In 2004, John Howard successfully pitched the Liberals’ commitment to industry over green activism to an audience of forestry workers in Launceston. The sight of hi-vis vest and hard hat-wearing unionists cheering a Liberal PM sent shockwaves through Labor ranks. Howard went on to win the election with a swing of four per cent and an added five seats.
Albanese is clearly terrified of history repeating. Especially after Plibbers’ recent monumental stuff-up of blocking a billion-dollar gold mine development on the basis of some dodgy ‘Aboriginal cultural business’ made up by even dodgier activists.
After the Prime Minister last week personally intervened to torpedo a deal between Ms Plibersek and the Greens on Labor’s Nature Positive environment law reforms, Mr Albanese is expected to travel to Tasmania next month to allay concerns of hundreds of salmon workers who fear their jobs are at risk.

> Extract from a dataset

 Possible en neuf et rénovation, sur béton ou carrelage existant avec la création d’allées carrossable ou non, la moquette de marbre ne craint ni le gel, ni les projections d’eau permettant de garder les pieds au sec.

If those jobs go, workers in three key Tasmanian seats will be furious. Labor might impress wealthy greenies in Franklin, centred on Hobart, but Braddon, Bass (both currently Liberal) and Lyons (which Labor previously held thanks to a popular local member who’s retiring at the next election) won’t be impressed at all.
New polling obtained by the Australian reveals the Liberals would comfortably hold the northwestern Tasmanian seat of Braddon and pick up votes in surrounding electorates if Labor’s self-inflicted salmon stand-off is not resolved. Agriculture and Fisheries Minister Julie Collins’ seat of Franklin would also be significantly affected.

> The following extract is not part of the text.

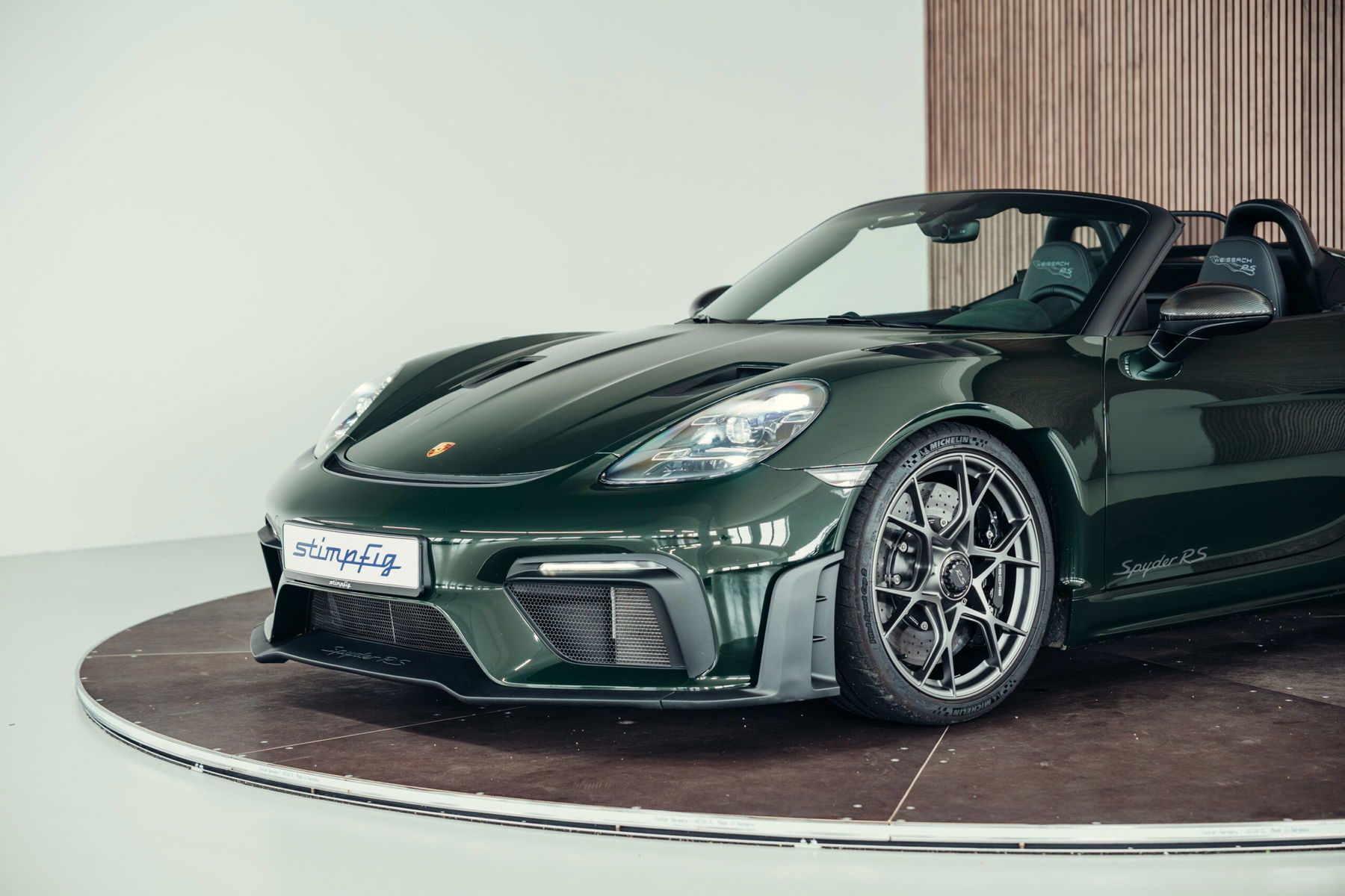 Zum Verkauf steht ein sehr gepflegter Porsche 718 Boxster Spyder RS in der schönen begehrten PTS Sonderfarbe „Brewster Green“ mit Weissach-Paket.

Plibersek scuppered the gold mine because of magic bees. Now, it’s a glorified stingray threatening to shut down the salmon industry.
Ms Plibersek has come under fire over long delays related to two reviews linked to the Maugean skate, including reconsideration of a 2012 Environment Protection and Biodiversity Conservation Act determination by the then Labor government approving large-scale salmon farming in Macquarie Harbour. A separate decision by the Threatened Species Scientific Committee on whether the skate should be listed as “critically endangered” was recently delayed by 12 months.
Opposition leader Peter Dutton knows what’s up: just say, ‘Whatever Plibbers does, we’ll do the reverse’.
Opposition Leader Peter Dutton visited Strahan and Devonport, where a large proportion of Tasmanian salmon fisheries workers live, to promise locals that a Coalition government would reverse any adverse decisions made by Ms Plibersek […]
Tasmanian Liberal senator Jonno Duniam said […] Mr Dutton had made clear the Coalition would be the “best friend” of mining and other industries including salmon aquaculture, while Labor was pushing an “anti-jobs agenda in lock-step with the Greens”.
Albo is spooked into saying much the same.
Senior government members, including Finance Minister Katy Gallagher, who is close to Mr Albanese, are understood to have expressed private concerns over the political fallout of Ms Plibersek’s two reviews, which some Labor figures believe could replicate Mark Latham’s disastrous 2004 election forestry policy.
Mr Albanese, who in January visited Tassal’s salmon processing plant and last month announced a $28m commitment to improve water quality in Macquarie Harbour, is understood to have made clear his position that Labor supports a thriving salmon industry in Tasmania.
Well, he would say that on the eve of an election, now wouldn’t he?